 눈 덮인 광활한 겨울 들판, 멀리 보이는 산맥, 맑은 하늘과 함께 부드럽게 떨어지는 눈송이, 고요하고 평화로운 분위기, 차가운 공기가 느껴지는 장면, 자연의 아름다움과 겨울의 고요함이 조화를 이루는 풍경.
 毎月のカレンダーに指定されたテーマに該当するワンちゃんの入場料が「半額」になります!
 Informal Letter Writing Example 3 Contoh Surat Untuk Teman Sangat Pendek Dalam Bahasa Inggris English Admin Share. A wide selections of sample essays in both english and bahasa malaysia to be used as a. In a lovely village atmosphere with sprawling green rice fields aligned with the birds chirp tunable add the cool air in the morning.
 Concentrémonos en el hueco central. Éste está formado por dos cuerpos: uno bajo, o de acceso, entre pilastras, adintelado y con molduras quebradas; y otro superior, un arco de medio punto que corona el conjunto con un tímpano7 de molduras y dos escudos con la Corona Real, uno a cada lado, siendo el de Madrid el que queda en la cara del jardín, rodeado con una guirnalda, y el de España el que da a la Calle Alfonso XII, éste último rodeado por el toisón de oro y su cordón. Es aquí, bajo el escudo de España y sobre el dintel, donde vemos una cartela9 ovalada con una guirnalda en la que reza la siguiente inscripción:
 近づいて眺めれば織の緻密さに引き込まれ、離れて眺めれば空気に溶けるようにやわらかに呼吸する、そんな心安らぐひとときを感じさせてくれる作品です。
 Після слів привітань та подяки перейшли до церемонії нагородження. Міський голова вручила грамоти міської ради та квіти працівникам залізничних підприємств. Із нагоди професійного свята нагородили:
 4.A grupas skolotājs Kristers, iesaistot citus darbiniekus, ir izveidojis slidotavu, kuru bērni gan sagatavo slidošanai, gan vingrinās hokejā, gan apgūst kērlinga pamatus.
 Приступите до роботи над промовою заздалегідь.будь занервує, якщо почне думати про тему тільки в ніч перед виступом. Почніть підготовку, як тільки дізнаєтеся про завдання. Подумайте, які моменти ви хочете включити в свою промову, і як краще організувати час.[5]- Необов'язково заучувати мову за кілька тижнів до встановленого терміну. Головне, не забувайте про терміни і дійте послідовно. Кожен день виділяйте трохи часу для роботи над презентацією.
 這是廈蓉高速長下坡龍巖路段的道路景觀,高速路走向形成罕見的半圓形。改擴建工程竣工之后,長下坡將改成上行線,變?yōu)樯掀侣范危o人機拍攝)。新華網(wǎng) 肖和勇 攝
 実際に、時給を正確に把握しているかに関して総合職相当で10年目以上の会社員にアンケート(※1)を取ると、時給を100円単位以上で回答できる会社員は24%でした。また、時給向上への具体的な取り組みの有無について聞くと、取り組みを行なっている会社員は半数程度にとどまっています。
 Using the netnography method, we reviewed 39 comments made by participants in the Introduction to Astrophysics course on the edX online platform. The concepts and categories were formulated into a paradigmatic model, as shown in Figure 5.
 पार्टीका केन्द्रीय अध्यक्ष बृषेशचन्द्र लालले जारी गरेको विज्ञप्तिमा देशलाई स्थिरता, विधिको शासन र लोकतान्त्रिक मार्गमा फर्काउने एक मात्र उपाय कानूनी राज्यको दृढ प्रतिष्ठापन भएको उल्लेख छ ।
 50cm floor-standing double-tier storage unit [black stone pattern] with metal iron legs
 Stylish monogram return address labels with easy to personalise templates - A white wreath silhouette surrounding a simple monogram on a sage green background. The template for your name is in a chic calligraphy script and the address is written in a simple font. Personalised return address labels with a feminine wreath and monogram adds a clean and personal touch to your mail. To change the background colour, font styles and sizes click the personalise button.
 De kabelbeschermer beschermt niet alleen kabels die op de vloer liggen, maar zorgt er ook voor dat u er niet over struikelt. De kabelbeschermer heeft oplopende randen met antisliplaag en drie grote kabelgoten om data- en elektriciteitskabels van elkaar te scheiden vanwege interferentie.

◆ ◆ ◆ ◆

Your task is to print the whole listing again exactly.

- ANSWER SECTION:
 눈 덮인 광활한 겨울 들판, 멀리 보이는 산맥, 맑은 하늘과 함께 부드럽게 떨어지는 눈송이, 고요하고 평화로운 분위기, 차가운 공기가 느껴지는 장면, 자연의 아름다움과 겨울의 고요함이 조화를 이루는 풍경.
 毎月のカレンダーに指定されたテーマに該当するワンちゃんの入場料が「半額」になります!
 Informal Letter Writing Example 3 Contoh Surat Untuk Teman Sangat Pendek Dalam Bahasa Inggris English Admin Share. A wide selections of sample essays in both english and bahasa malaysia to be used as a. In a lovely village atmosphere with sprawling green rice fields aligned with the birds chirp tunable add the cool air in the morning.
 Concentrémonos en el hueco central. Éste está formado por dos cuerpos: uno bajo, o de acceso, entre pilastras, adintelado y con molduras quebradas; y otro superior, un arco de medio punto que corona el conjunto con un tímpano7 de molduras y dos escudos con la Corona Real, uno a cada lado, siendo el de Madrid el que queda en la cara del jardín, rodeado con una guirnalda, y el de España el que da a la Calle Alfonso XII, éste último rodeado por el toisón de oro y su cordón. Es aquí, bajo el escudo de España y sobre el dintel, donde vemos una cartela9 ovalada con una guirnalda en la que reza la siguiente inscripción:
 近づいて眺めれば織の緻密さに引き込まれ、離れて眺めれば空気に溶けるようにやわらかに呼吸する、そんな心安らぐひとときを感じさせてくれる作品です。
 Після слів привітань та подяки перейшли до церемонії нагородження. Міський голова вручила грамоти міської ради та квіти працівникам залізничних підприємств. Із нагоди професійного свята нагородили:
 4.A grupas skolotājs Kristers, iesaistot citus darbiniekus, ir izveidojis slidotavu, kuru bērni gan sagatavo slidošanai, gan vingrinās hokejā, gan apgūst kērlinga pamatus.
 Приступите до роботи над промовою заздалегідь.будь занервує, якщо почне думати про тему тільки в ніч перед виступом. Почніть підготовку, як тільки дізнаєтеся про завдання. Подумайте, які моменти ви хочете включити в свою промову, і як краще організувати час.[5]- Необов'язково заучувати мову за кілька тижнів до встановленого терміну. Головне, не забувайте про терміни і дійте послідовно. Кожен день виділяйте трохи часу для роботи над презентацією.
 這是廈蓉高速長下坡龍巖路段的道路景觀,高速路走向形成罕見的半圓形。改擴建工程竣工之后,長下坡將改成上行線,變?yōu)樯掀侣范危o人機拍攝)。新華網(wǎng) 肖和勇 攝
 実際に、時給を正確に把握しているかに関して総合職相当で10年目以上の会社員にアンケート(※1)を取ると、時給を100円単位以上で回答できる会社員は24%でした。また、時給向上への具体的な取り組みの有無について聞くと、取り組みを行なっている会社員は半数程度にとどまっています。
 Using the netnography method, we reviewed 39 comments made by participants in the Introduction to Astrophysics course on the edX online platform. The concepts and categories were formulated into a paradigmatic model, as shown in Figure 5.
 पार्टीका केन्द्रीय अध्यक्ष बृषेशचन्द्र लालले जारी गरेको विज्ञप्तिमा देशलाई स्थिरता, विधिको शासन र लोकतान्त्रिक मार्गमा फर्काउने एक मात्र उपाय कानूनी राज्यको दृढ प्रतिष्ठापन भएको उल्लेख छ ।
 50cm floor-standing double-tier storage unit [black stone pattern] with metal iron legs
 Stylish monogram return address labels with easy to personalise templates - A white wreath silhouette surrounding a simple monogram on a sage green background. The template for your name is in a chic calligraphy script and the address is written in a simple font. Personalised return address labels with a feminine wreath and monogram adds a clean and personal touch to your mail. To change the background colour, font styles and sizes click the personalise button.
 De kabelbeschermer beschermt niet alleen kabels die op de vloer liggen, maar zorgt er ook voor dat u er niet over struikelt. De kabelbeschermer heeft oplopende randen met antisliplaag en drie grote kabelgoten om data- en elektriciteitskabels van elkaar te scheiden vanwege interferentie.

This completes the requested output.